For in only in a matter of hours, did I felt shaken in an internal way while I was doing chores around the house—much like Mary’s experience with Jesus in the garden.
It was as if in those moments, God spoke to me and said, “I don’t appreciate your non-acknowledgment of me. You can say and do a lot of things, but don’t forget I’m here and always will be.” Whoa! I was listening again. That was God.
And it wasn’t as if everything magically fell into place after that. Or that there weren’t many hard times to come. But from that moment on, I didn’t doubt the Almighty anymore and haven’t since. Hope found me bit by bit.
Practically speaking to my life without a lot of plans, an invitation to co-lead a youth camp with a friend came within hours to my empty calendar. I got eyes to see the joy around me that wasn’t in bed with the covers over me. And my persistent friends finally got through to me in the weeks to come—that my life had value, even if it was not exactly what I wanted.
This is what resurrection looked for me. I can’t imagine my life without resurrection in the moment I just described to you and so many days since. Resurrection is what my spirit longs for in this broken world in which you and I live. I don’t know how to live without the possibility of resurrection anymore.
I’ve told you this personal story this morning because what I most want you to hear is that the beautiful witness of Jesus’ resurrection was personal.
In fact, I believe, resurrection is always personal.
Mary experienced resurrection among the angels and an appearance of Jesus himself. Peter and John experienced resurrection by believing Mary’s testimony, trying to our race one another to the tomb and seeing for themselves the abandoned grave-clothes. Everyone God what they needed to see when they needed it.
And this why if we read all three other encounters of resurrection in Matthew, Mark and Luke we see it’s not the same story in every one.
This is used to bother the analytical side of me—I mean, which one is the “right” one? (I only want to preach on that one!)

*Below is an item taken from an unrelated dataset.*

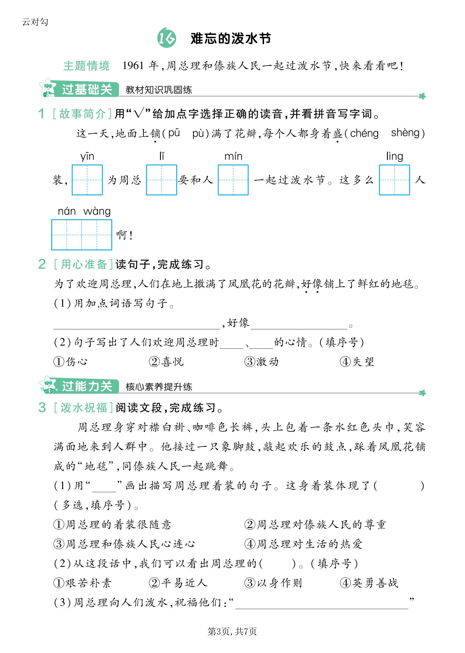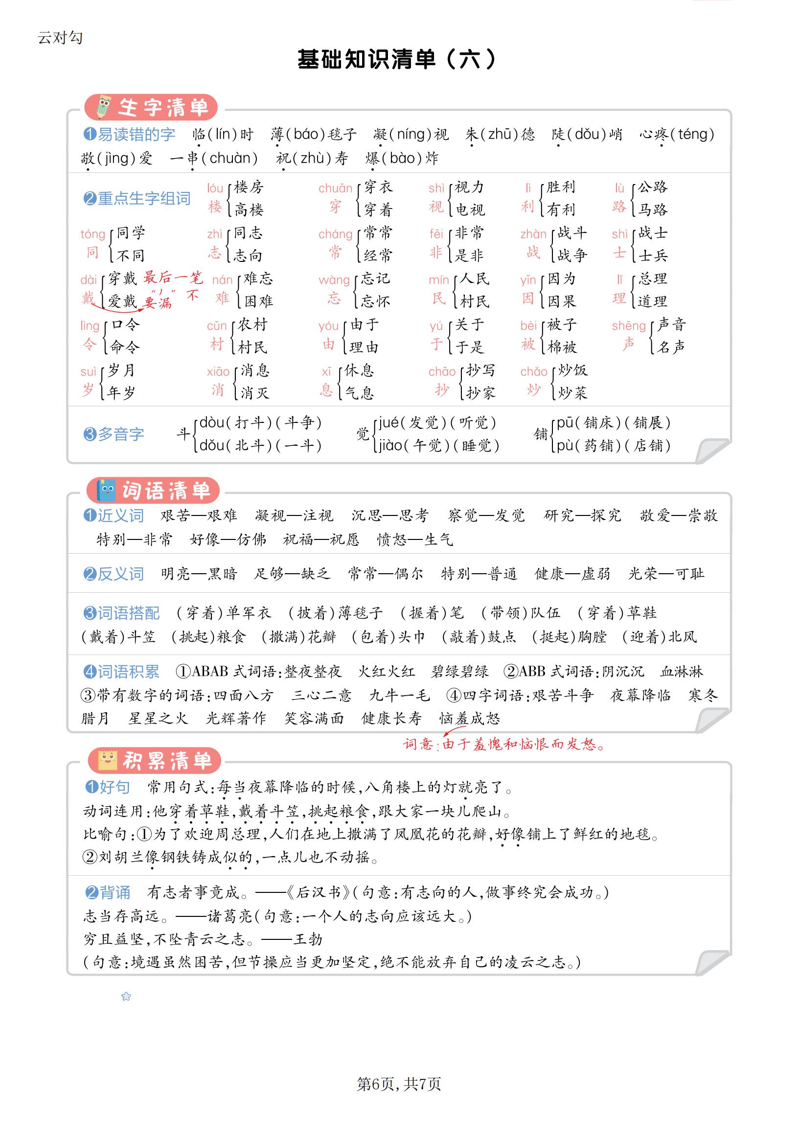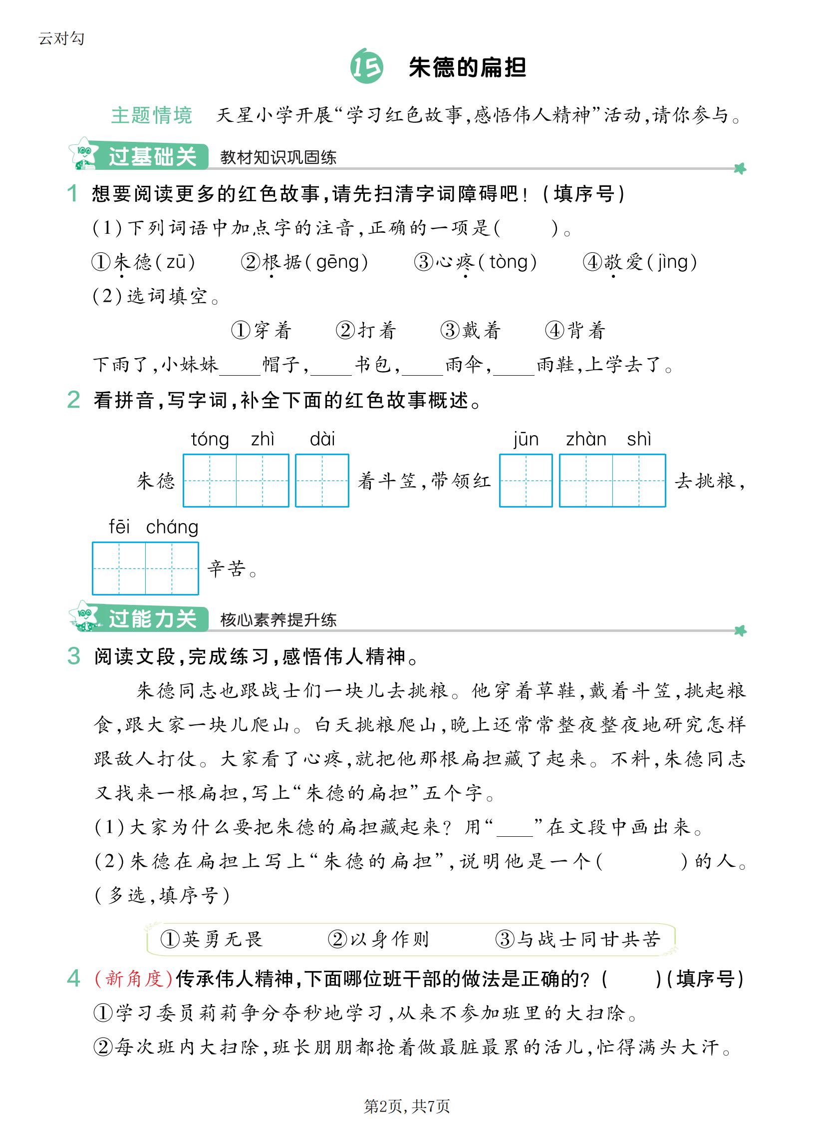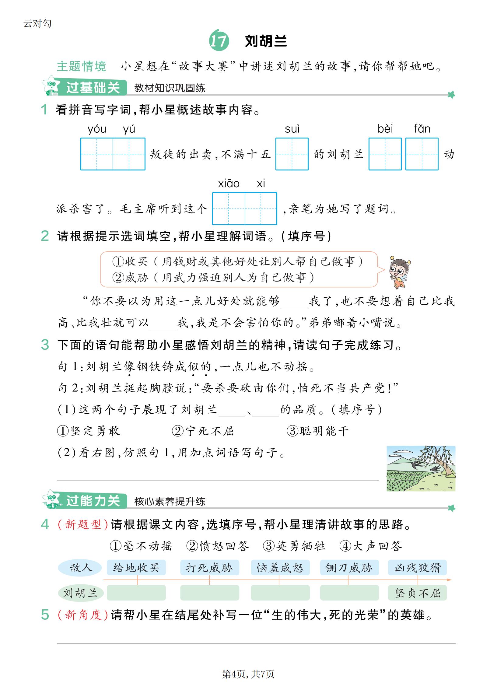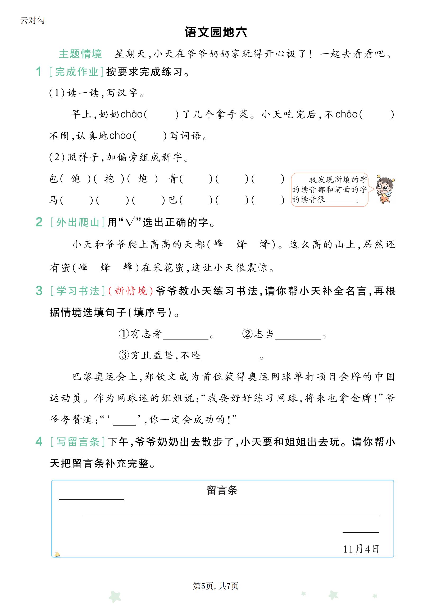 2025秋 · 二年级语文上册-一课一练-第六单元部分

But the more I journey with Jesus and help others do the same: I’ve realized that the Holy Spirit guides us at our own pace. We all see God in different ways which why we have four resurrection stories, and not one is better than the others.
Easter is a great day to remember that God keeps his promises and that everything Jesus said about his life was indeed true. But it’s also a day reconnect ourselves to living Easter.
So I ask you as you’re reading this:
What hurts in your heart today?
What nagging issue in your family keeps you up late at night?
What dream in your life plan is unresolved?
What is dead in our church that needs new life?
Resurrection can change your answers!
This is the good news:
For there’s no hurt that can’t be mended because “Christ is Risen! Christ is Risen Indeed!”
For there’s no unresolved dream that can’t be fulfilled because “Christ is Risen! Christ is Risen Indeed!”
For there’s no dead part of you that can’t have it’s tune changed to joy again because “Christ is Risen! Christ is Risen Indeed!”
And with such great news, we need to keep celebrating, don’t we?